A Dias Ferreira, no Leblon, é uma rua cheia de possibilidades: comprar livros ou discos para todos os gostos, num cenário muito agradável; consumir marcas chiques e conhecidas, da calcinha ao sapato; comer em bons restaurantes, dos mais variados gostos e preços.
Nesse mesmo pedaço do Rio, tão famoso, tão badalado, tão disputado, tem-se, também, outras tantas possibilidades: como a de ser assaltado à luz do sol, ver descarregamento de caminhões nos mais variados horários, ou ficar numa fila de carros que bloqueiam o tráfego a qualquer hora do dia, como se nada estivesse acontecendo.
Bicicletas e triciclos andando nas calçadas é coisa habitual. Perguntado a uma criatura que passava a toda quase atropelando todo mundo (sob gritos de “Por favor, pare, por favor, pare”), ele, diz: “Melhor transferir o meu risco de andar na rua (já que ninguém respeita ciclistas) para os pedestres do que me ferrar”. Dispensa comentário!
Calçadas invadidas por donos de restaurantes? Normalíssimo. Fotógrafo local comenta, sutilmente: “Aqui existe quem tenha prestígio inabalável junto ao poder público” – e não há por que duvidar.
Na Dias Ferreira é possível, também, assistir aos flanelinhas reclamarem das senhoras que deixam os motoristas esperando, atrapalhando o tráfego Ou o inverso – dos motoristas reclamarem dos flanelinhas que formam filas esperando pelas senhoras – ou seja, um delinquente se queixa do outro.
Luís Oliveira, organizador de filas duplas e triplas de carros, acha o máximo que as malhadoras da academia (tem isso também) entreguem as chaves em suas mãos, num gesto de confiança: “Vou fazer o quê, vou dizer que não recebo os carros”?, responde ao ser perguntado se fila tripla pela manhã já não é um pouco demais.
Todos parecem acostumados a essa rotina, sem constrangimentos. E como parecem se entender! Um taxista local tenta resumir: “Aqui todo mundo tem razão e todo mundo tá errado”.
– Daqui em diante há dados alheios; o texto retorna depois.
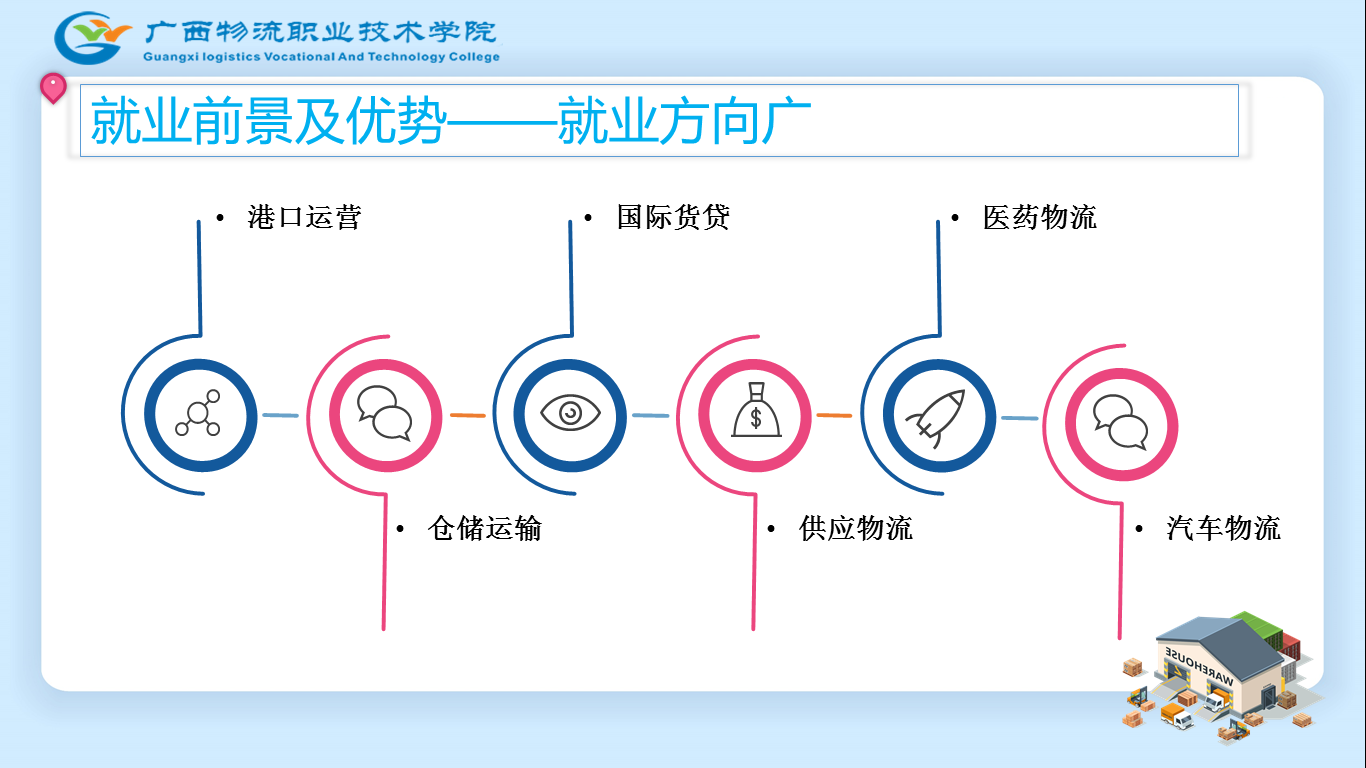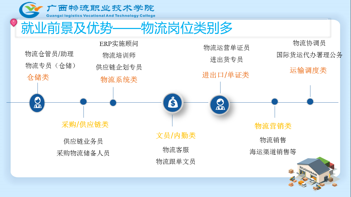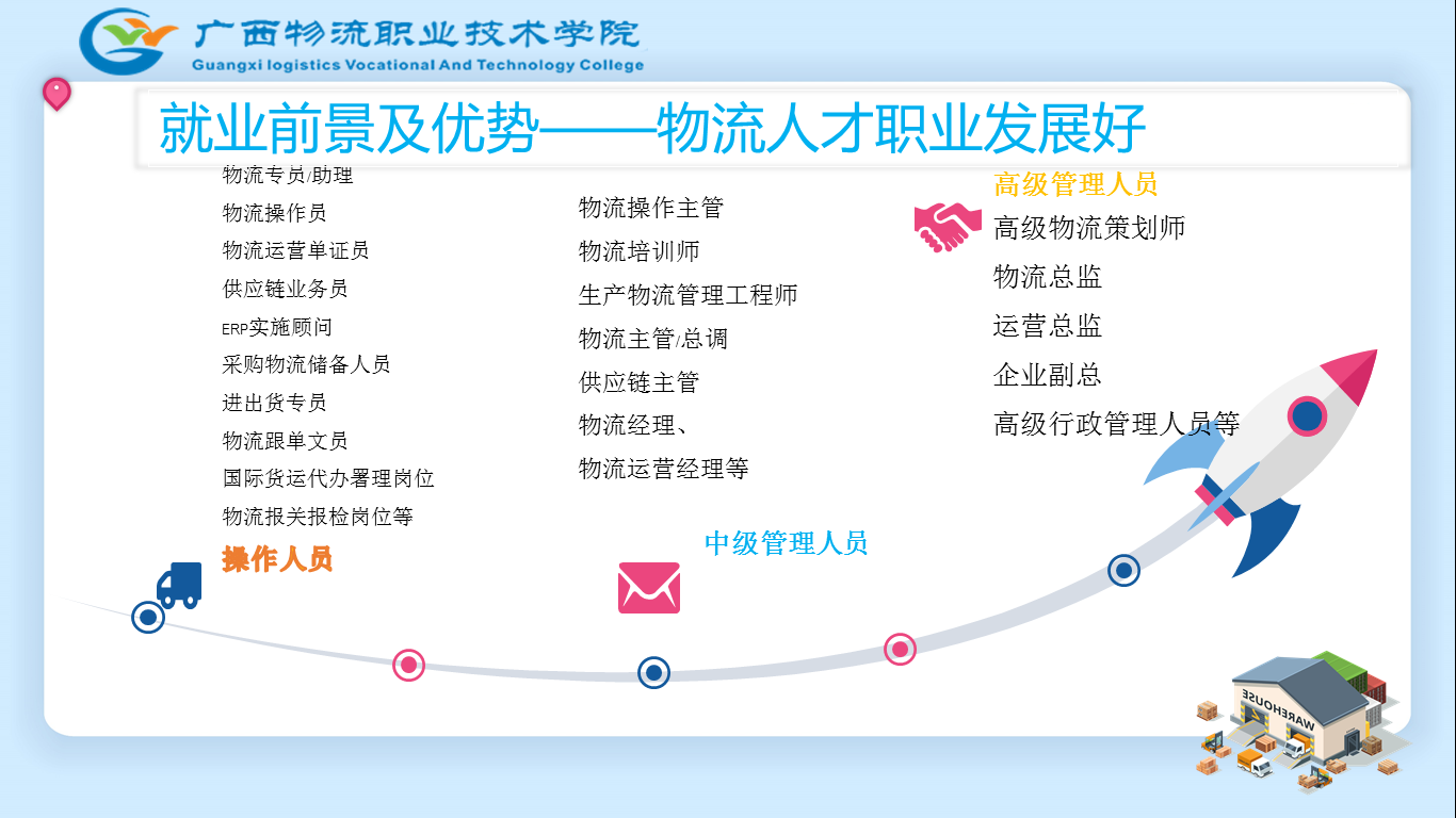 职业面向:智慧物流业务管理与咨询、现代物流装备操作与运维、物流工程项目管理、物流系统与设备销售技术支持等工作。

Se ali não impera a lei, pouco adiante há quem crie a sua. Foi o caso de Joana Pereira, maranhense, dona da banca de revista na esquina com Ataulfo de Paiva: decidiu que só vende papel seda para enrolar cigarros, digamos, mais rústicos, para maiores de idade. “Se tiver cara de criança e não tiver documento, não leva a seda”, diz ela,
Por essas e outras razões a Dias Ferreira foi escolhida, entre as primeiras ruas da Zona Sul, para receber uma Unidade da Ordem Pública. Como ali todos se habituaram a conviver com pequenos delitos e ilegalidades, há quem veja o risco de a UOP acabar, literalmente, desorganizando a vida de quem mora, trabalha e frequenta aquele trecho da cidade.